Installation & Build Guide

About 895 wordsAbout 3 min

2026-03-21

llama.cpp offers multiple paths to get running: build from source for maximum hardware optimization, use prebuilt binaries for convenience, or install the Python bindings via pip.
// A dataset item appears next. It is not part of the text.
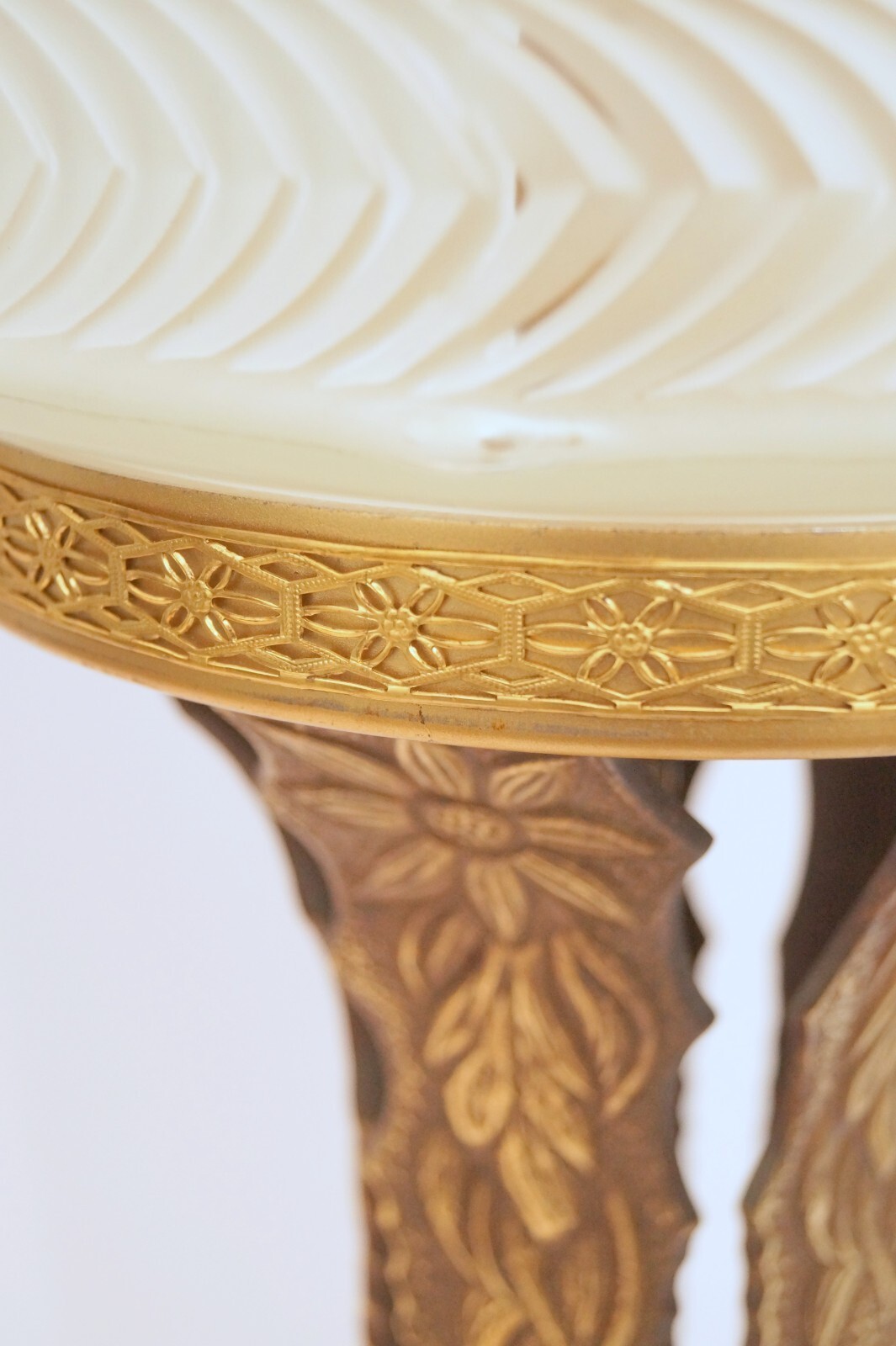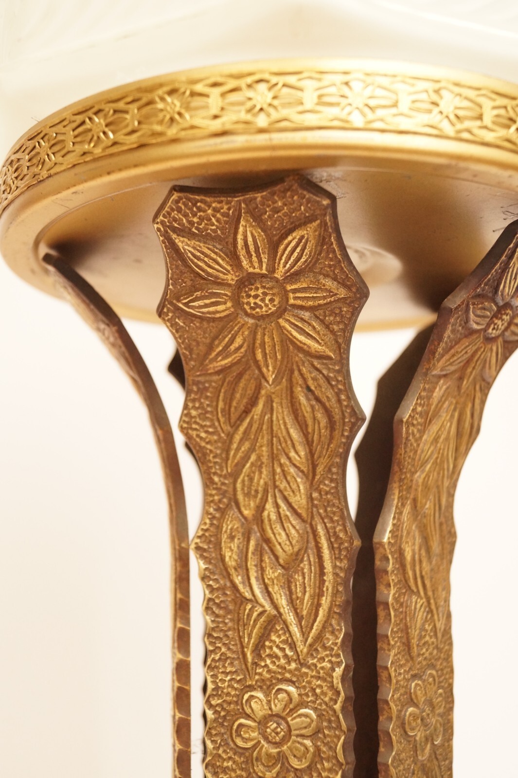 Important: We recommend using only LED lamps (filament bul!) For each of our lights. In addition to that of up to 12 times higher efficiency, the very low heat development of an LED bulb ensures the lifespan of the electrical system and the precious original glasses of its lamp. LED lamps available everywhere or here . Also suitable for LED/energy-saving bulbs with higher light output. Sale without decoration and lamp! Further Art Nouveau lights in our shop.

This guide covers all three.

Prerequisites

Tool	Minimum Version	Purpose
Git	2.x	Cloning the repository
CMake	3.14	Build system
C++ compiler	C++17 support	Compilation
CUDA Toolkit	11.8+ (12.x recommended)	CUDA backend
ROCm	5.x	AMD GPU backend
Vulkan SDK	1.3+	Vulkan backend

Install Prerequisites

Linux (Debian/Ubuntu):

sudo apt update && sudo apt install -y \
  git cmake build-essential

macOS:

xcode-select --install
brew install cmake

Windows:

Install Visual Studio 2022 (or Build Tools) with Desktop C++ workload
Or install MinGW-w64 via MSYS2 or winget
Install CMake from cmake.org

Clone the Repository

git clone https://github.com/ggml-org/llama.cpp
cd llama.cpp

To use a specific release tag:

git clone --branch b4820 https://github.com/ggml-org/llama.cpp

CPU-Only Build

cmake -B build
cmake --build build --config Release -j$(nproc)

Binaries are placed in build/bin/.

SIMD Optimization Flags

By default, CMake auto-detects AVX/AVX2 support. Override explicitly:

Flag	Default	Description
`GGML_AVX`	ON (auto)	Enable AVX instructions
`GGML_AVX2`	ON (auto)	Enable AVX2 (recommended)
`GGML_AVX512`	OFF	Enable AVX-512 (Intel only)
`GGML_FMA`	ON (auto)	Fused multiply-add
`GGML_F16C`	ON (auto)	F16 conversion intrinsics
`GGML_NATIVE`	OFF	Optimize for the exact host CPU (`-march=native`)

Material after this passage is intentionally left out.